How to Get More Blooms From Hardy Geraniums
Hardy geraniums grow as perennial flowers; they are true geraniums, unlike the more common Pelargoniums that are sometimes thought of as geraniums. These hardy flowers survive frost and return in spring with new growth. They flower most profusely in June, July and August, but some flowers persist after the peak bloom and into fall on properly cared for plants. Geraniums require only minimal care to produce the most flowers, but even basic care practices can help improve the bloom amount and quality on the plants.
- Moderately Easy
Things You’ll Need
- Plant the geraniums in well-drained soil that is rich in organic matter. Work compost into the bed prior to planting to aid drainage. Geraniums tolerate both shade and sun, but flower best when they receive at least full morning sunlight.
- Water the geraniums once weekly during the growing season. Geraniums tolerate some drought but soil that remains evenly moist to a 6-inch depth ensures full blooming and minimizes wilting.
- Fertilize the geraniums once monthly from when new growth begins in spring until after the plants finish blooming in late summer. Apply a soluble fertilizer formulated for flowering perennials at the rate recommended on the fertilizer label.

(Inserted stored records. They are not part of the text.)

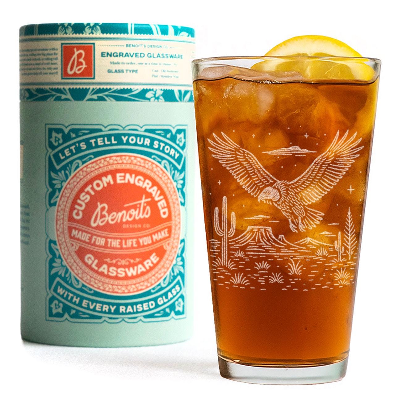 Each glass is etched in our Maine studio for a crisp, permanent design that won’t fade or wash away. From morning iced tea to evening cocktails, this glass brings a bold touch of the wild to every pour.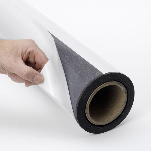 Folia magnetyczna biała z klejem 0.4 mm  jest pokryta białym laminatem na magnetycznej stronie, natomiast strona niemagnetyczna jest pokryta warstwą kleju, która umożliwia przyczepienie folii do dowolnej powierzchni.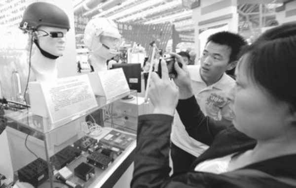 4月26日,观众在参观由安徽华东光电技术研究所研制的高新技术头盔显示器。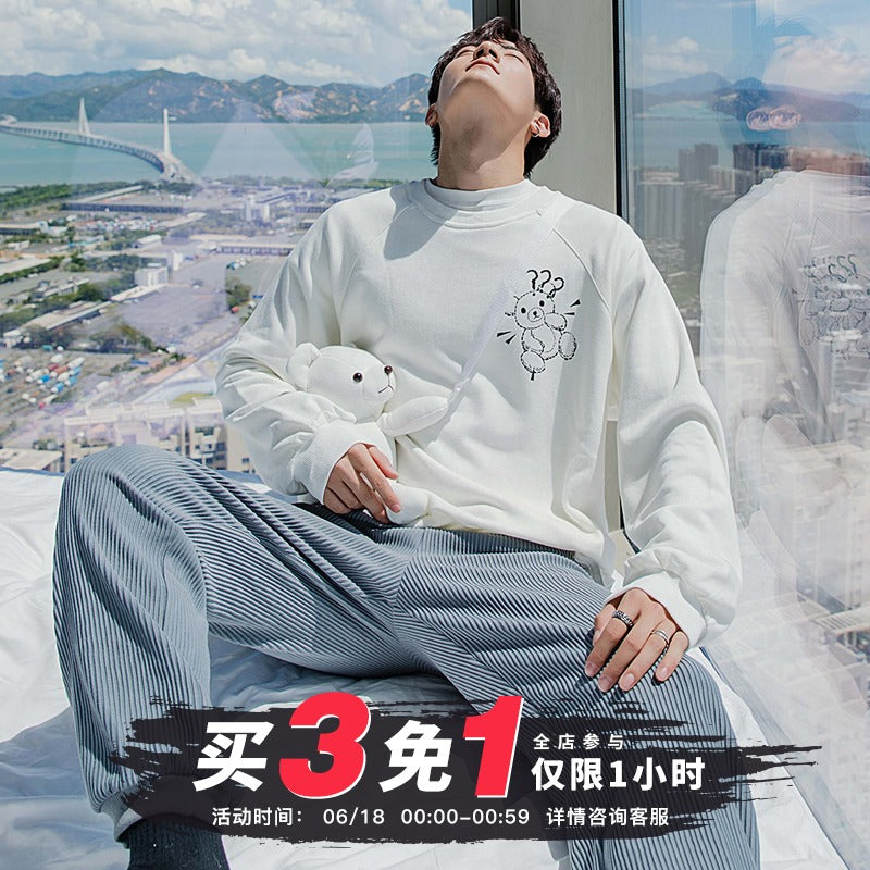 CHIC ERRO Chic Erro assembly shoulder bag autumn Korean style tops men's loose white bear cute sweater men's trend
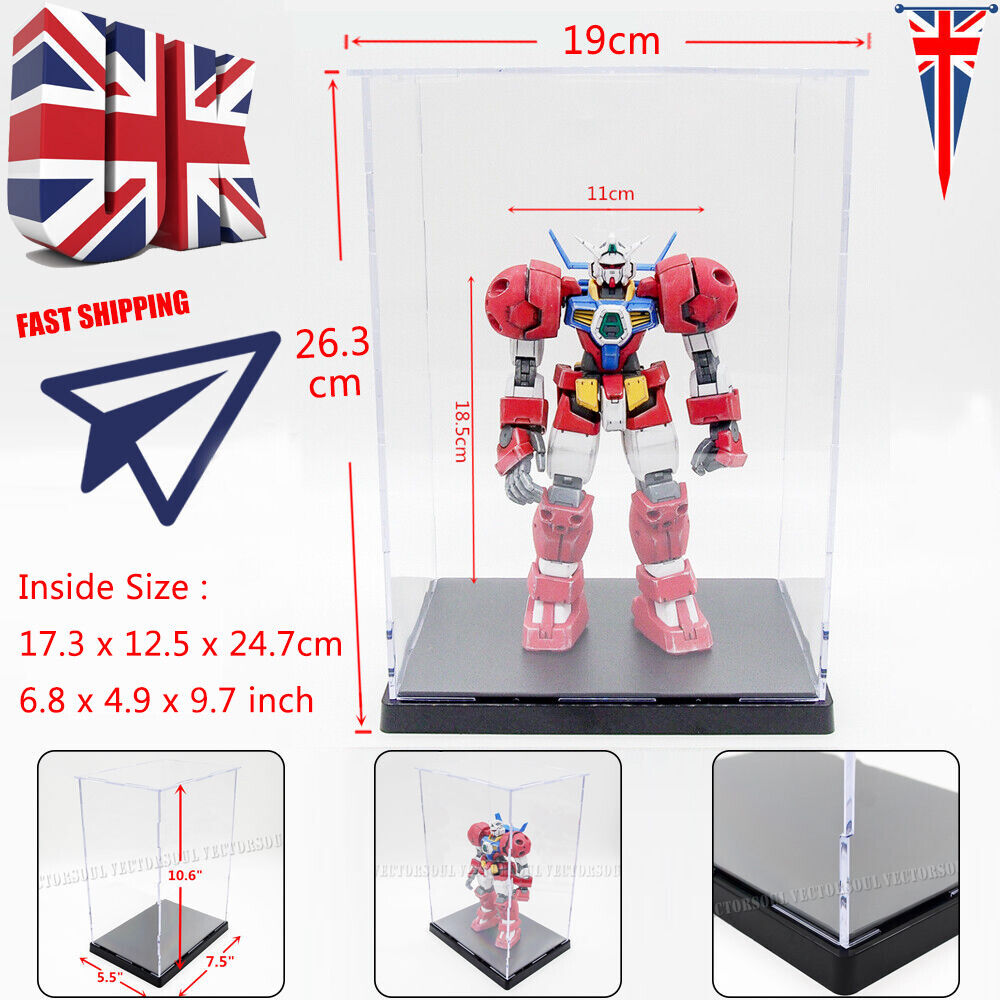 UK Acrylic Display Case Box 27cm H Perspex Plastic Base Dustproof Protection Toy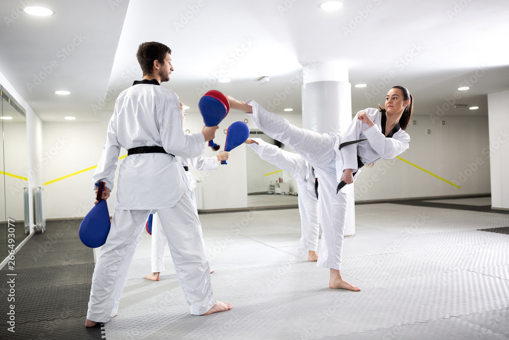 Foto Martial arts competitors and their trainers practicing high kicks in taekwondo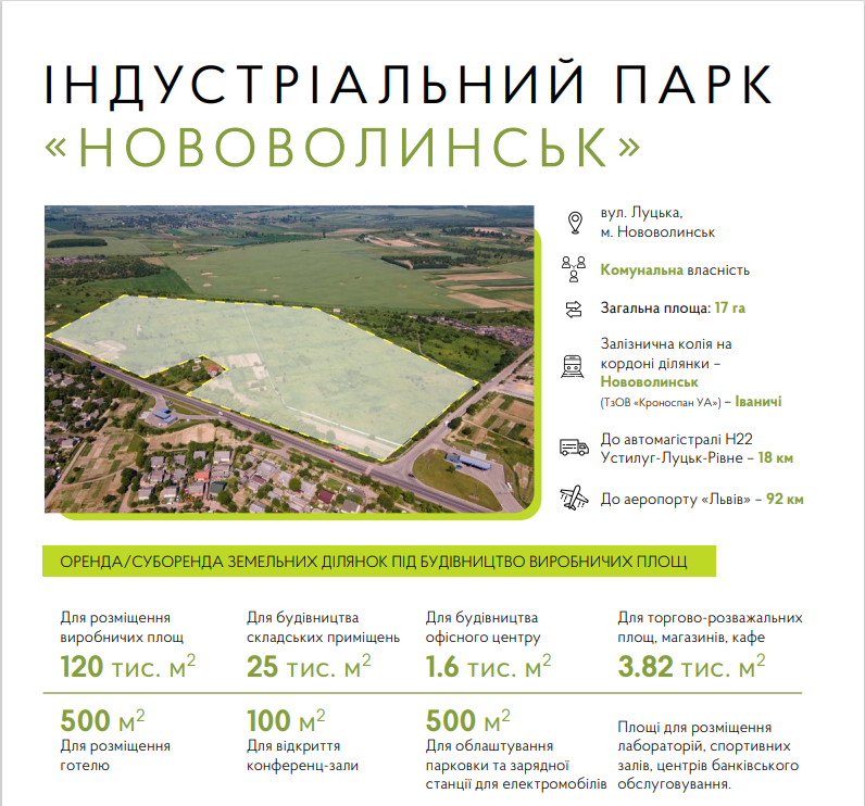 – Сам індустріальний парк ми отримали «в спадок» (від попередньої влади, — ред.). На сьогодні це земельна ділянка площею 20 гектарів біля траси. Там є всі комунікації. Через дорогу знаходяться цементний і асфальтний завод, електропідстанція і виробництво металоконструкцій.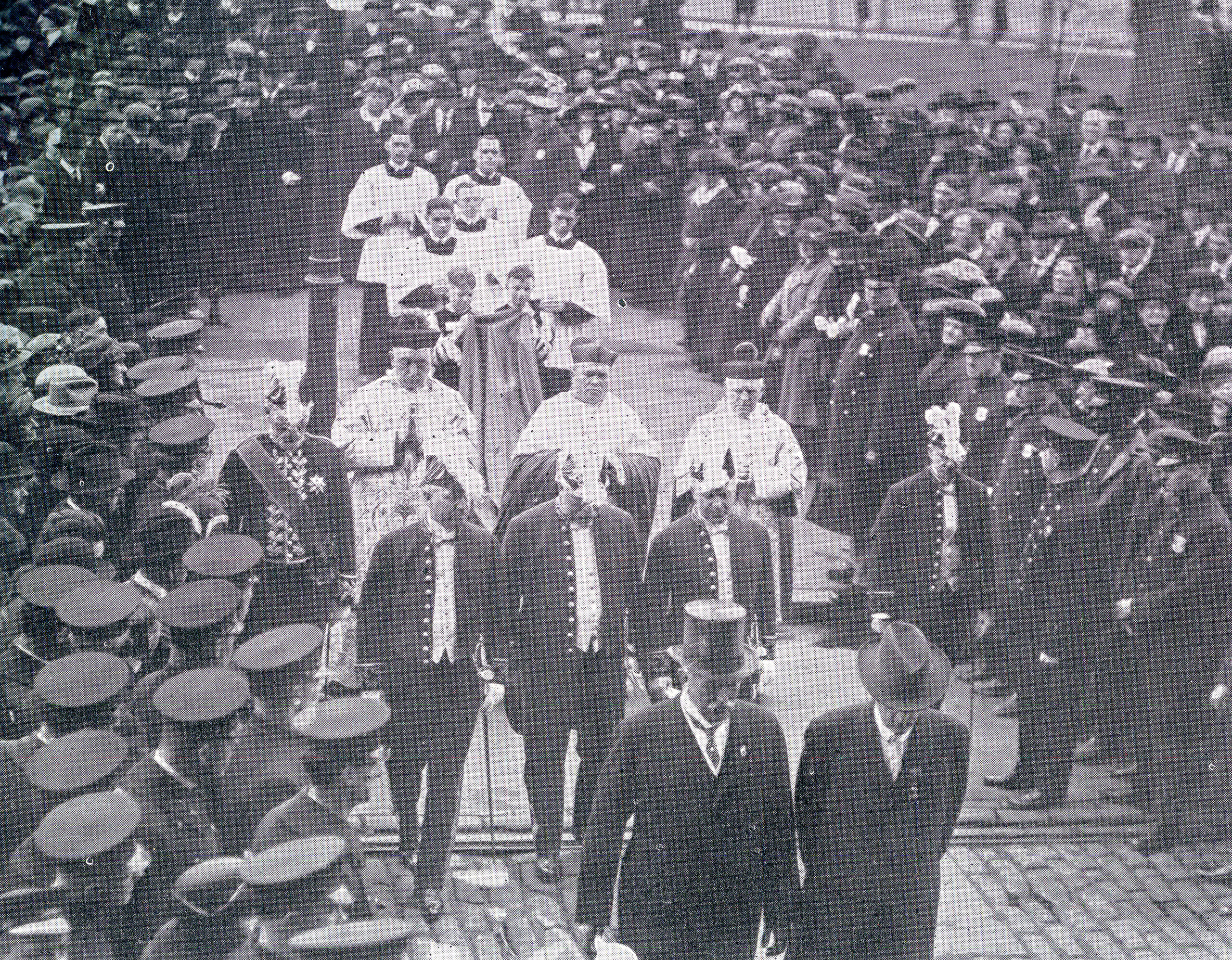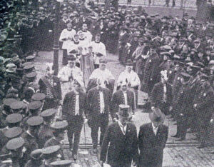 Broad Street from Logan to extreme South Philadelphia was an avenue of light and color and vibrant with an enthusiasm, the like of which the city had never seen before. Tens of thousands of American flags were held aloft in tireless hands or flung from churches, schools, business houses and private homes. Church bells tolled in the steeples of Catholic and non-Catholic churches alike. Hymns of thanksgiving intermingled with deafening cheers, while hundreds of bands poured forth stirring strains of the "Te Deum" and other hymns. Every parish in the city and surrounding suburbs participated fa the demonstration, many of them with thousands in line, marching from their respective churches to the positions assigned along Broad Street.

- Cut back overgrown geraniums after the first flush of flowering completes. Trim the plants back to within 1 to 3 inches of the ground with sharp shears then water and fertilize the plants. Geraniums put on a flush of new growth after a mid-season trim, which typically results in a new wave of blooms.
- Inspect the geraniums for symptoms of leaf spot disease. Symptoms include sunken spots or lesions on the underside of the leaves and wilted, curled leaf margins. Leaf spot weakens the geranium and may inhibit flower bud production.
- Cut back the plants to a 6-inch height if leaf spot systems are present. Continue to water and fertilize to encourage the plant to grow back and produce new flower buds.